When multiple SMTs are used with a sink connector, Connect first reads the record from Kafka and converts the bytes to a sink record. Connect then passes the record through the SMT, which makes its modifications. The updated sink record is then passed to the next SMT in the chain. This continues for the remaining SMTs. The final updated sink record is then passed to the sink connector for processing.

Single Message Transforms

Single Message Transforms for Managed Connectors

Note

  • SMTs are very useful, but should only be used for simple data transformations. More sophisticated transformations and data integrations should be handled using ksqlDB and Kafka stream processing.
  • See SMT Limitations for additional information

How to use SMTs with the Cloud Console

The following steps show how to set up an SMT using the Confluent Cloud Console. The steps use the Datagen Source Connector for Confluent Cloud.

Note

  • The connector applies transforms in the order in which they are created.
  • To create a transform predicate, you use the CLI to create the connector configuration.
  1. Go to the advanced configurations section of the connector UI and click Add a single message transform.

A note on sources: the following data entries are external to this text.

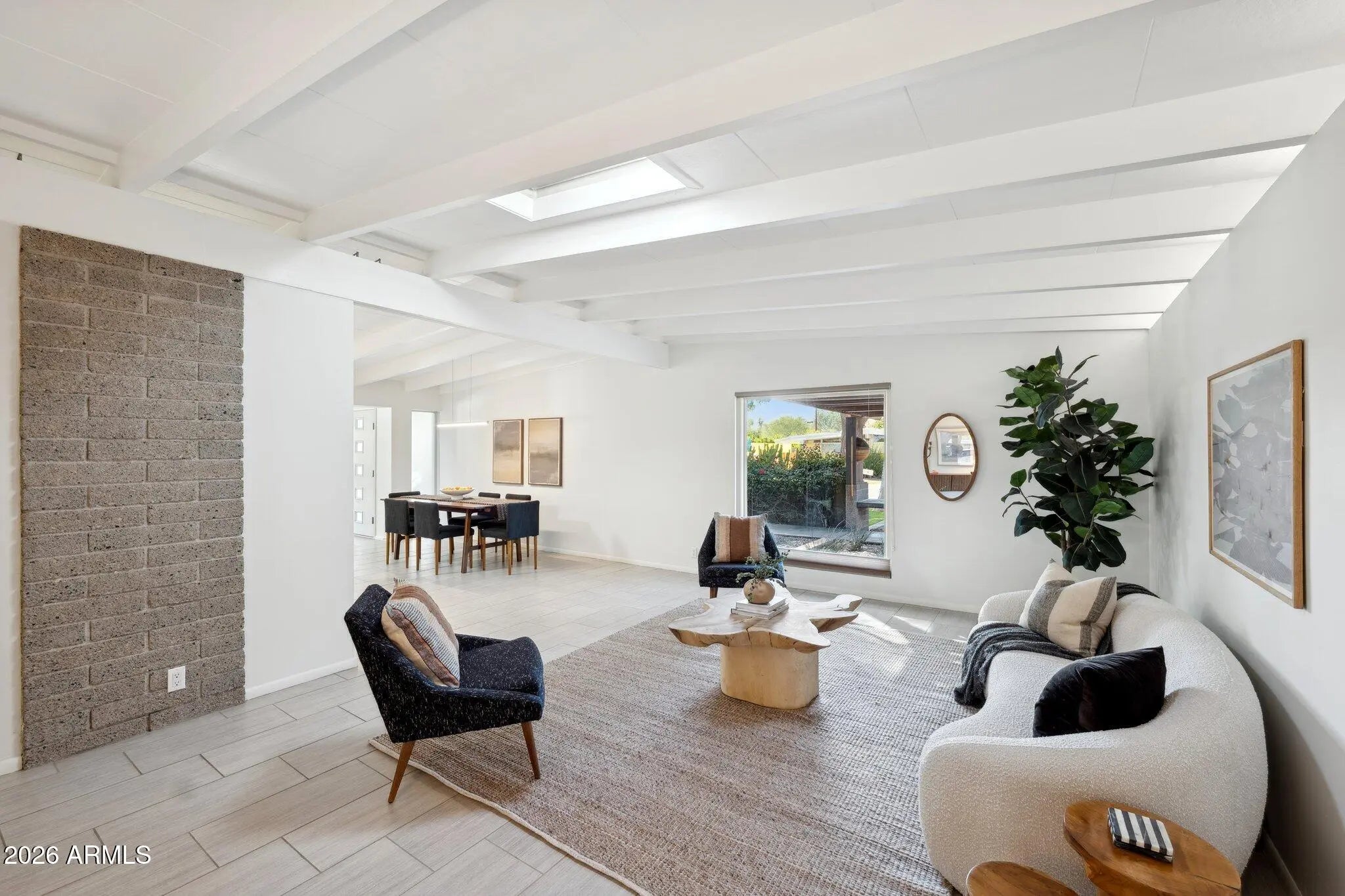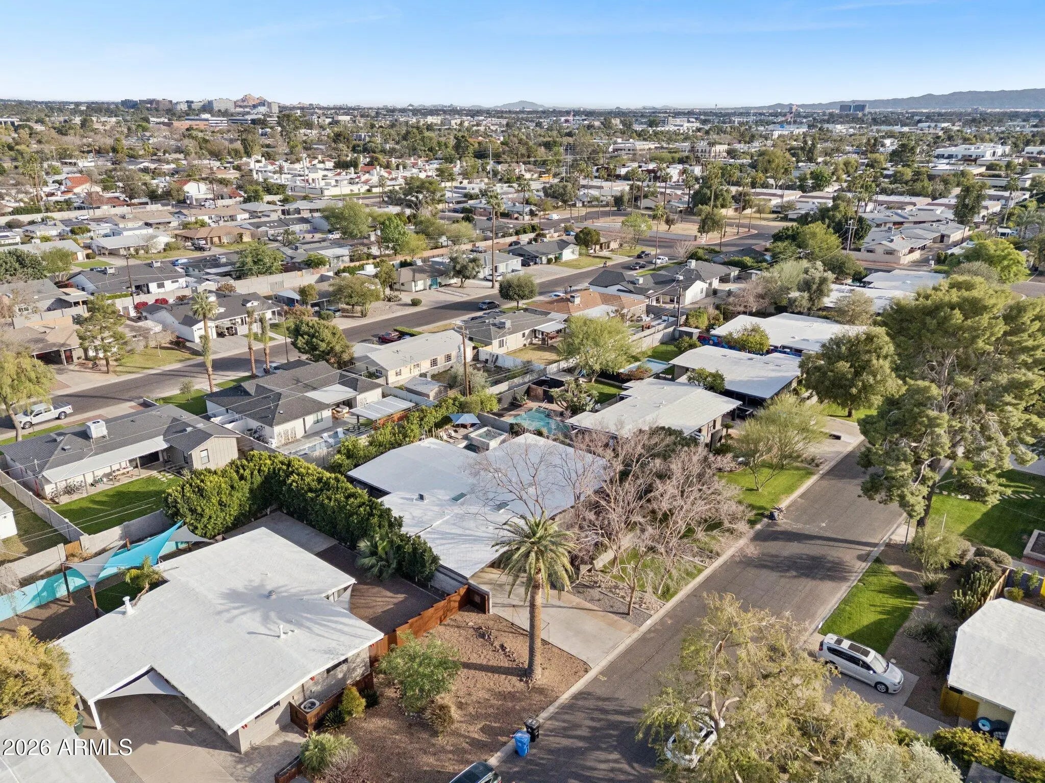 Introducing a truly one-of-a-kind Ralph Haver masterpiece, a rare opportunity in the highly coveted Marlen Grove neighborhood. This exceptional home honors the integrity and spirit of iconic mid-century design while seamlessly integrating a sophisticated, permitted addition that nearly doubles the size of any other Haver home in the area. Thoughtfully expanded by a licensed contractor with full City of Phoenix permitting, the residence marries classic architecture like signature vaulted ceilings, exposed beams, and striking clerestory windows with a highly functional modern floor plan. Inside, you'll find 4 bedrooms, including two with en-suite bathrooms, a dedicated office, two separate living spaces, 3.5 baths, and a resort like backyard. Every detail was crafted to enhance livability without compromising the timeless aesthetic that defines a true Ralph Haver design. The outdoor space is an entertainer's dream: a newer pool, expansive outdoor living area, a stylish covered patio, cozy fire pit, and a hard-to-find two-car covered parking. This is not just a home, it is a work of art, a celebration of architecture, and an unparalleled opportunity in one of the valley's most notable mid-century enclaves.
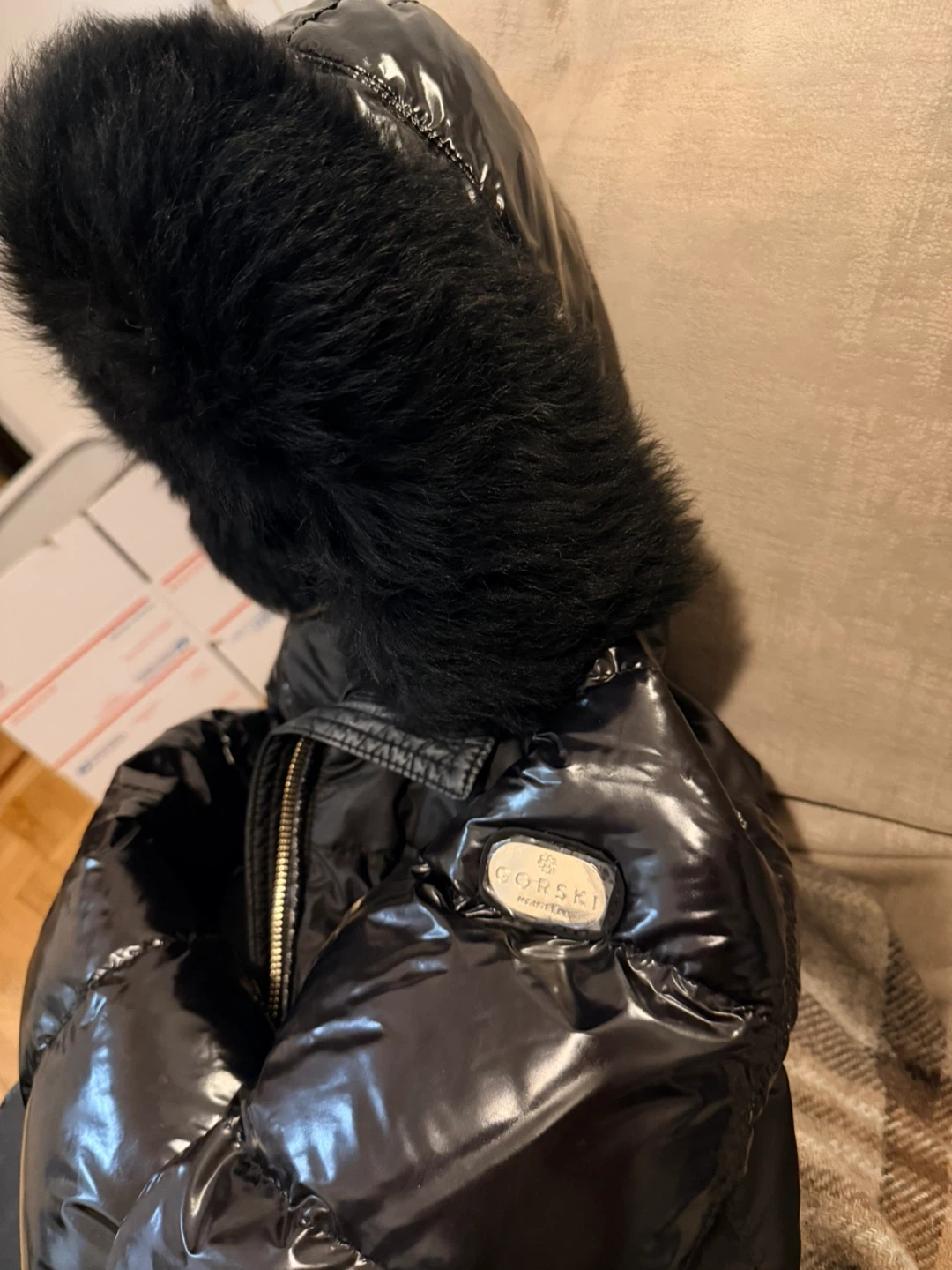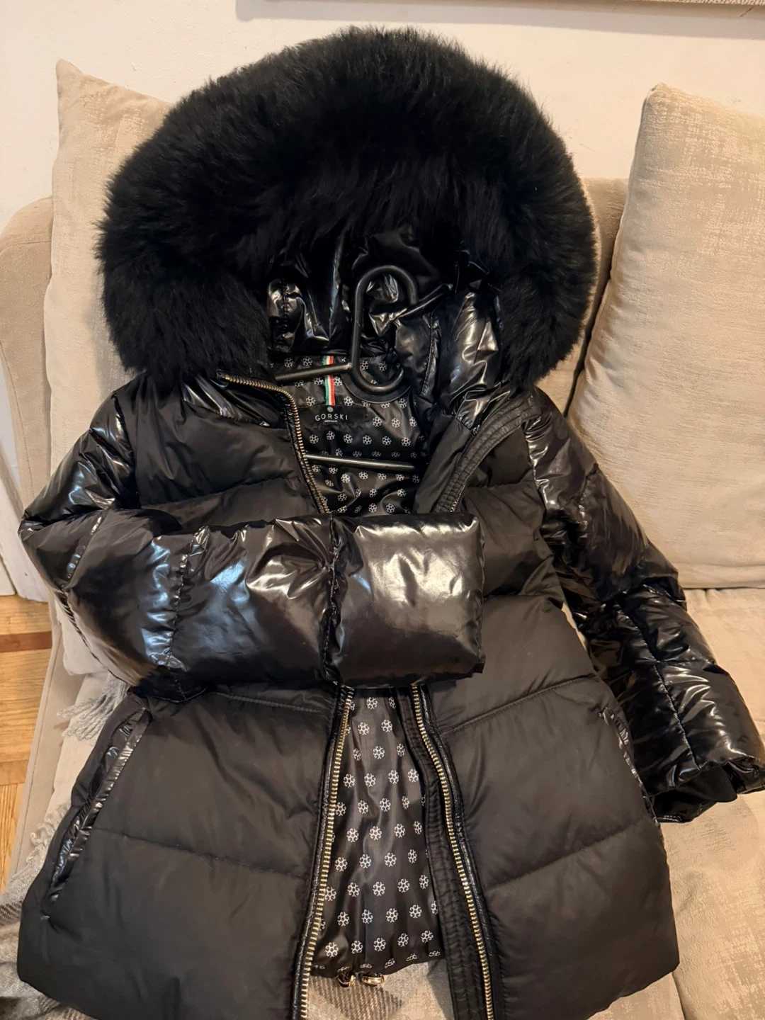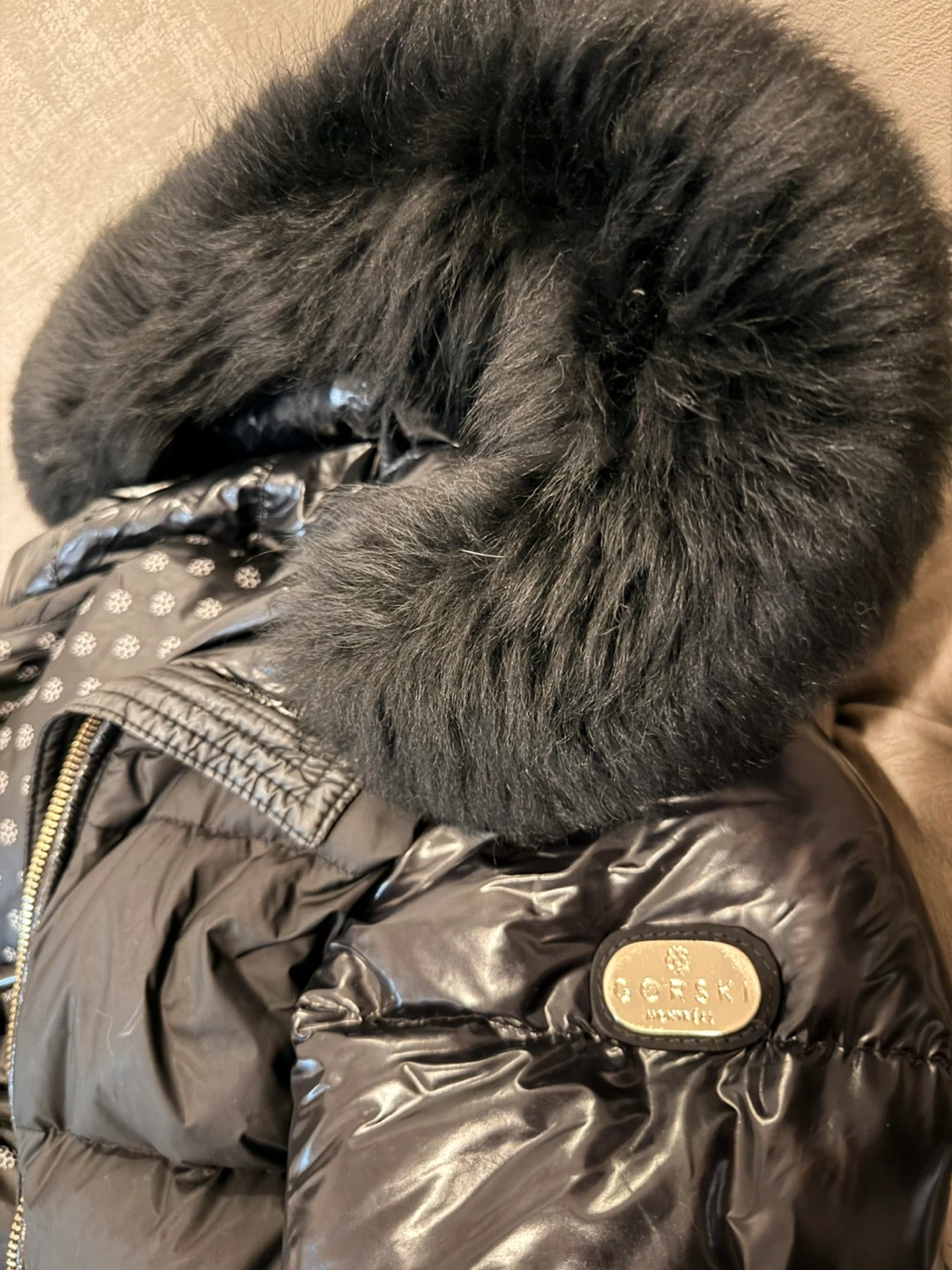 Glossy black down puffer jacket by Gorski. Features a large, plush black real fur-trimmed hood. Toscana Lamb fur from Italy. Perfect for staying warm and stylish. Size XS but it fits me though my size is S/M
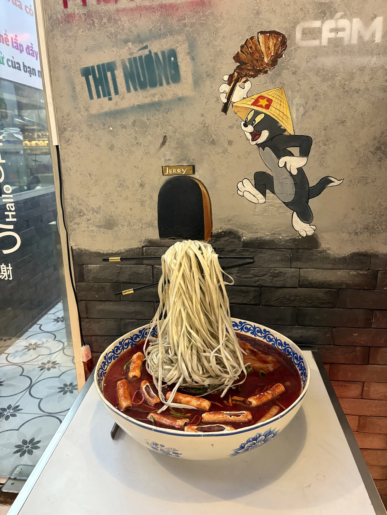몽키 : 골목에서는 국수가 공중에서 내려오는 아트로 이어져서, 시선이 오래 머물던 순간.
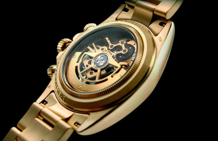針對錶背部分,這家改裝錶品牌向來喜歡幫勞力士手錶改成透背(這樣才能更完整展現出鏤空效果),因此我們會驚喜地發現手錶搭載的4130機芯簡直像是脫胎換骨一般,不僅零件經過鏤空處理,還有很多地方都改成了K金零件,像是自動盤就明顯可以看到它升級為K金材質,而SKELETON CONCEPT除了幫自動盤進行緞面打磨,也不免俗地要鏤空自動盤,讓人可以更清楚看見底下鏤空後立體感更強烈的機芯結構。
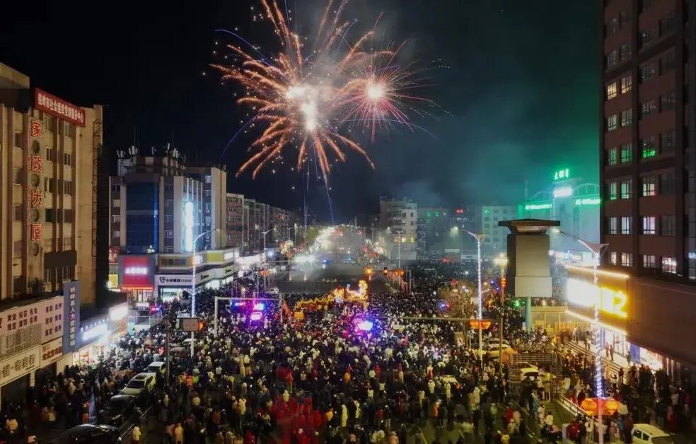 当巡游队伍抵达大商新玛特西侧停车场终点,璀璨烟花凌空绽放,五彩光影照亮夜空,将当晚的氛围推向最高潮。
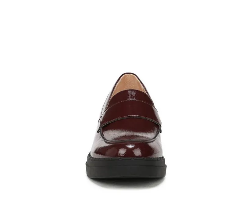 This sleek wedge loafer combines timeless style with elevated comfort, offering a polished look that transitions effortlessly from work to weekend. The glossy synthetic upper features classic loafer styling with a wide vamp strap, while the cushioned insole provides supportive wear throughout the day. A low wedge heel delivers subtle lift without compromising stability, and the rounded toe adds to its versatile appeal. Whether you’re dressing up or keeping things casual, this loafer adds a refined finish.
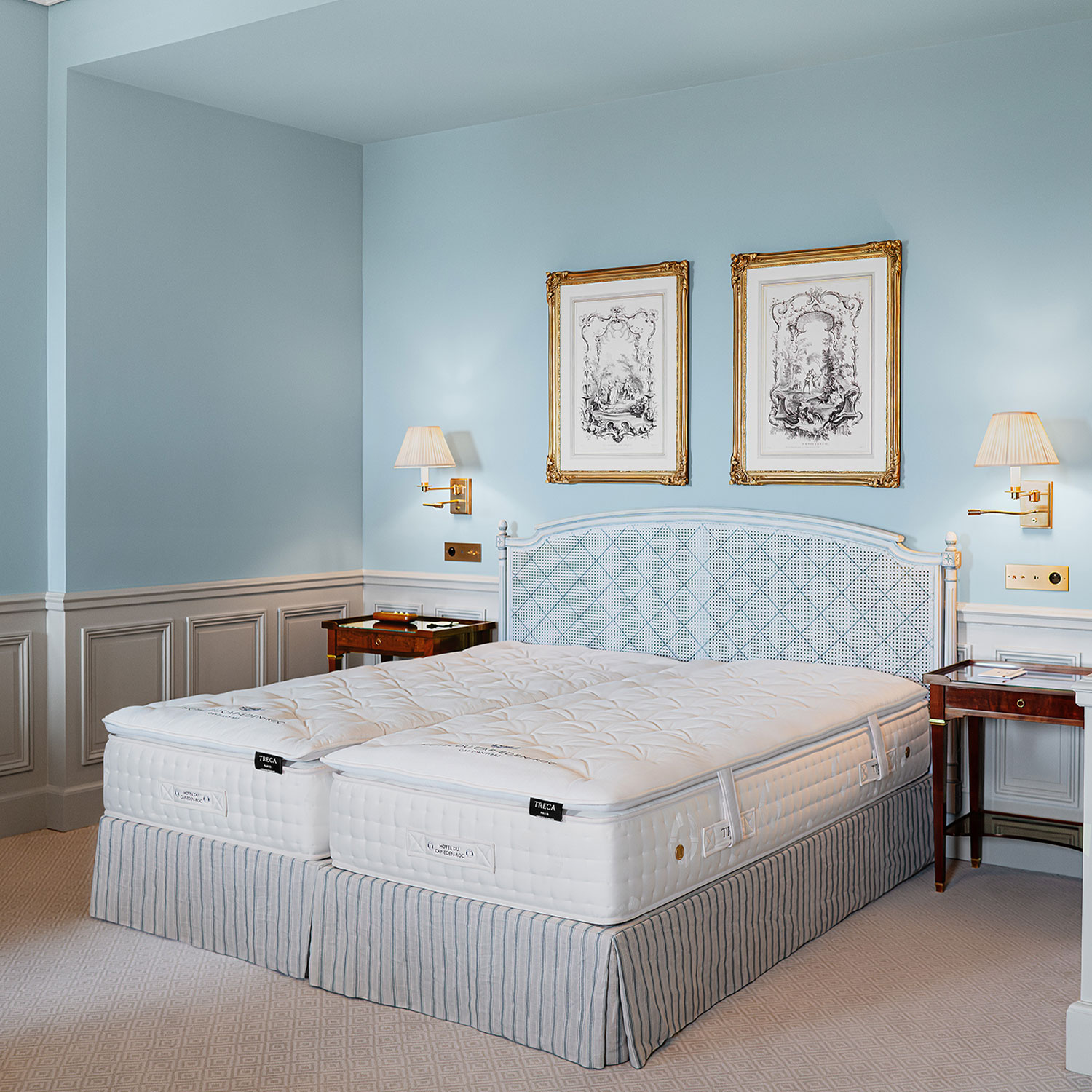 Tréca a minutieusement sélectionné chaque composant de l'ensemble des la literie du l'Hôtel. Les matières naturelles, nobles et généreuses, telles que la laine Mérinos d’Arles et le latex naturel d’hévéa, sont associées aux techniques artisanales propres aux ateliers Tréca, comme le capitonnage intégral à la main. Cette conception exclusive, brevetée par Tréca, est pensée pour réduire les composants chimiques et augmenter le confort de chaque visiteur. Le matelas respire, apportant la fraîcheur nécessaire en été et un confort moelleux en hiver. Côté décoration, le coutil est personnalisé aux couleurs de l’hôtel et la poignée en tête de matelas a été ajoutée spécialement pour cette collaboration. Chaque élément de cette literie incarne l’excellence et le raffinement, faisant de chaque nuit un voyage sensoriel vers le bien-être.
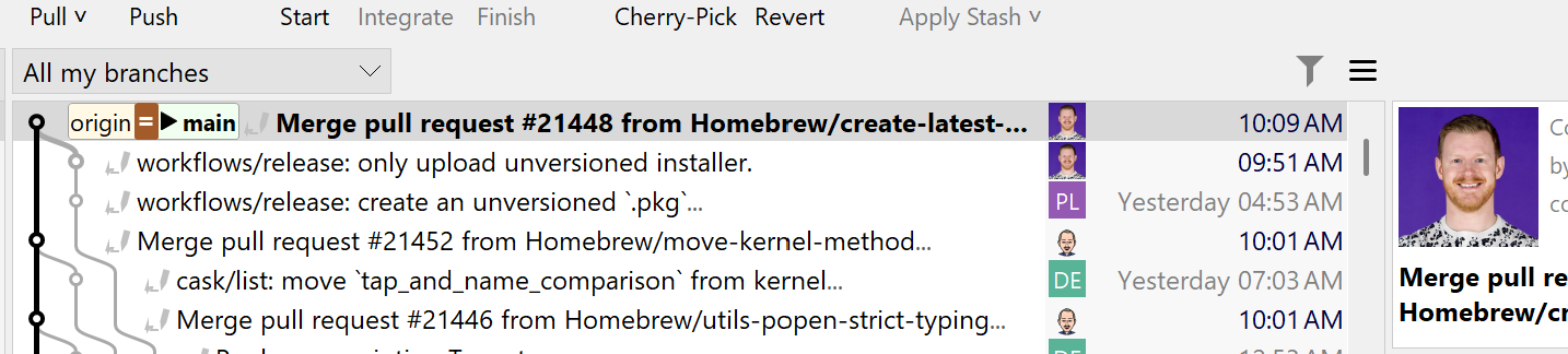 SmartGit supports signed commits by visually indicating their presence in the commit graph: when a cryptographic signature exists, a subtle grey pen icon appears to the left of the commit, signaling that the commit is signed.
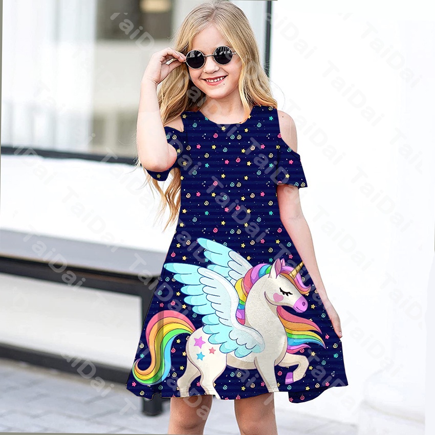 Kids Little Girls Dress unicorn Print Above Knee Short Sleeve
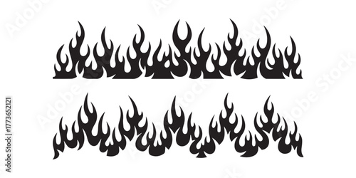 © SujetaRani, Fototapeta premium Classic silhouette flame. Black fire set isolated on white background. Old school tattoo neo-tribal style or silhouette flame for cars. Minimalistic stylish fire outline and filled contour. Vector set
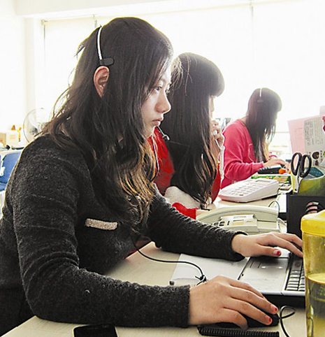 趙曉薇(化名)是拉手網(wǎng)北京客服部的一名工作人員,每天早上8:30,她會(huì)準(zhǔn)時(shí)戴上耳麥,開(kāi)始一天忙碌的工作!疤孛,電話多的時(shí)候,一天得有300個(gè)來(lái)電!睍赞笔且粋(gè)語(yǔ)氣平和,聲音甜美,笑容溫和的女孩子。正說(shuō)著,她就趕緊接通了正在鈴鈴作響的電話,開(kāi)始熱情、耐心地為用戶釋疑解困。
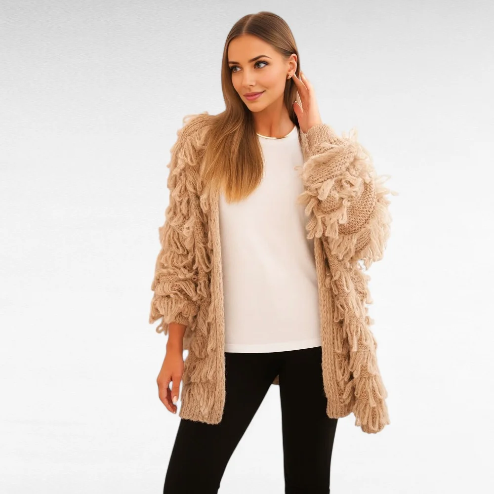 Kogu pinnal kaunistavad kardigani õrnad narmad, mis annavad sellele omanäolise ja elava ilme. See on ideaalne kaaslane nii igapäevasteks koosviibimisteks teksade või retuusidega kui ka kergeks õlasoojendajaks kleidi peale jahedal õhtul. Kardigan toob igasse riietusse eripära ja annab kandjale enesekindla, väljapeetud stiili. Varrukad on õlast pikendatud, jäävad täispikad.

    Single Message Transforms Button

    Transforms

  2. Accept the default transform name or enter a new name in the Transforms name field. For example, if you are masking a customer ID using the transform MaskField$Value you could enter the alias mask_userid.

    Transform name

    Transform name

  3. Select the transform type from the drop-down list.

    Select Transform

    Transform selection

  4. After you select the transform, additional property fields are displayed. The following properties are displayed for MaskField$Value:

    • fields (required): Enter the name of the record fields you want to mask. In the example, the field userid will be masked.
    • replacement (optional) This field allows you to set a replacement string. In the example, the replacement for the userid will show ******.
    Configure Mask Options

    Configure transform options

    Note

    SMT configuration properties vary depending on the selected transform type. For transform configuration properties and descriptions, see the SMT docs for the transform you want to apply.

  5. After you have completed the first transform, you can add additional SMTs if you want. The connector applies transforms in the order in which they are created.

  6. When you are done adding SMTs, click Continue and complete any remaining connector startup tasks. Once you have completed all startup tasks, the connector configuration is displayed.

    Single Message Transform Connector Configuration

    Connector configuration

  7. (Optional) Click Request preview and verify that the data output in the "record" section is what you want. The preview will take a few minutes to generate. If the data preview shows what you want, launch the connector.

How to use SMTs with the Confluent CLI

Refer to the following docs for creating the JSON configuration file to load using the CLI:

  • The managed connector docs provide the configuration properties and a JSON file example for each connector.
  • The SMT docs provide the transformation configuration properties that you need to add to the basic connector configuration.
  • Refer to the SMT examples for configuration and transformation examples.

Predicates

You can apply predicates to a transform using the CLI. When you apply a predicate to an SMT, the predicate instructs the connector to apply the SMT conditionally. In the predicate, you specify the predicate condition that the connector uses to evaluate each message that it processes.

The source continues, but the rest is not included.